Your assignment >> Write out the data exactly as given, dropping every picture.

Provided data >>
>>>
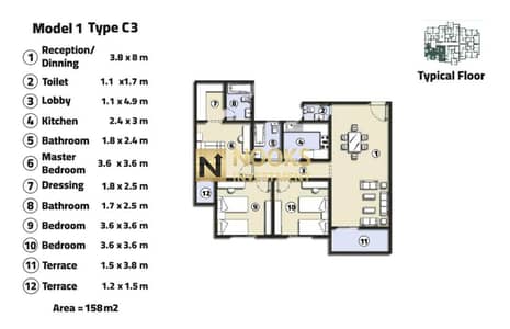 - المساحة والتميز: شقة 158م (دور أول) بإطلالة ساحرة ومباشرة على البحيرات الصناعية والمساحات الخضراء الشاسعة.
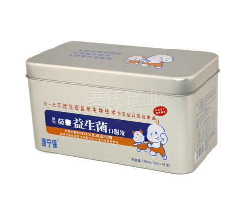 這款口服液鐵盒,采用進口0..25mm厚度的鍍錫馬口鐵盒精心打造而成,鐵盒為四色專版印刷,蓋子為外卷線天地蓋,內外過上水性透明光油,鐵盒質地高亮鮮明。而的鍍錫馬口鐵,能防止醫藥保健產品受潮融化或受力壓碎等不良現象的發生。
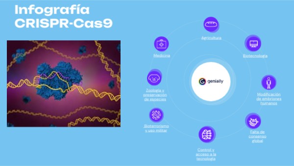 Armas biológicas: CRISPR podría ser usado para crear virus o bacterias resistentes a tratamientos. Soldados genéticamente modificados: La manipulación genética podría utilizarse para mejorar el rendimiento físico de soldados, con implicaciones morales graves. .
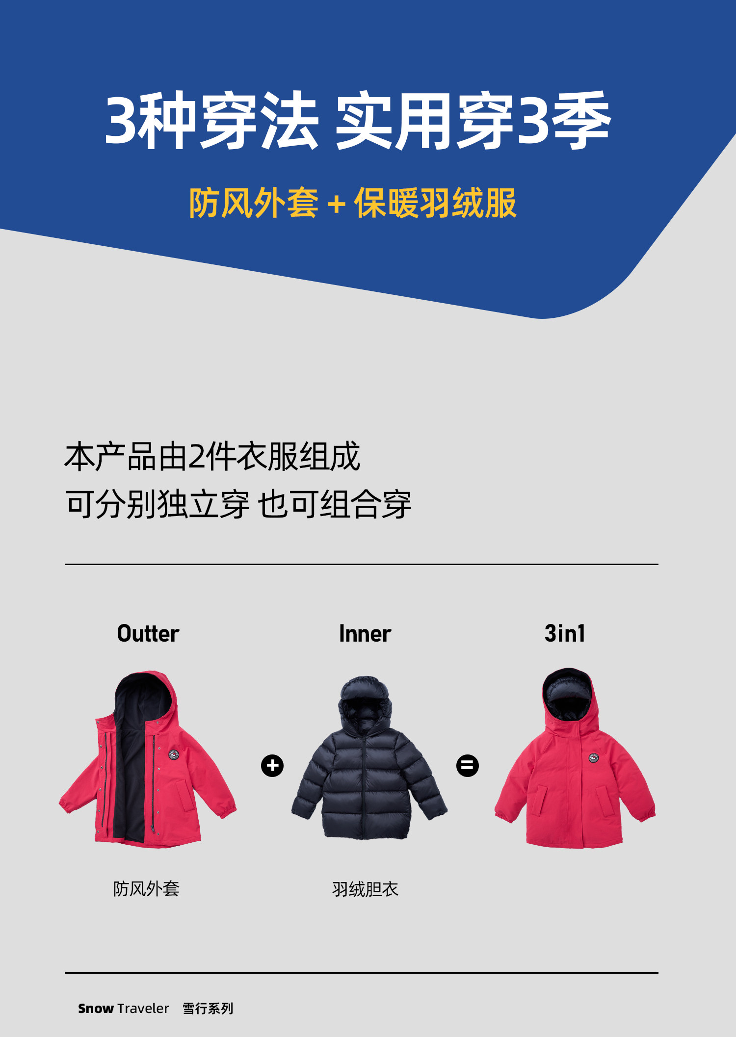 Nanny Goose Chaqueta de plumón para niños 3 en 1, ropa de exterior multiuso, chaqueta para bebé resistente al viento y a la humedad
<<<
Completed exercise >>
 - المساحة والتميز: شقة 158م (دور أول) بإطلالة ساحرة ومباشرة على البحيرات الصناعية والمساحات الخضراء الشاسعة.
 這款口服液鐵盒,采用進口0..25mm厚度的鍍錫馬口鐵盒精心打造而成,鐵盒為四色專版印刷,蓋子為外卷線天地蓋,內外過上水性透明光油,鐵盒質地高亮鮮明。而的鍍錫馬口鐵,能防止醫藥保健產品受潮融化或受力壓碎等不良現象的發生。
 Armas biológicas: CRISPR podría ser usado para crear virus o bacterias resistentes a tratamientos. Soldados genéticamente modificados: La manipulación genética podría utilizarse para mejorar el rendimiento físico de soldados, con implicaciones morales graves. .
 Nanny Goose Chaqueta de plumón para niños 3 en 1, ropa de exterior multiuso, chaqueta para bebé resistente al viento y a la humedad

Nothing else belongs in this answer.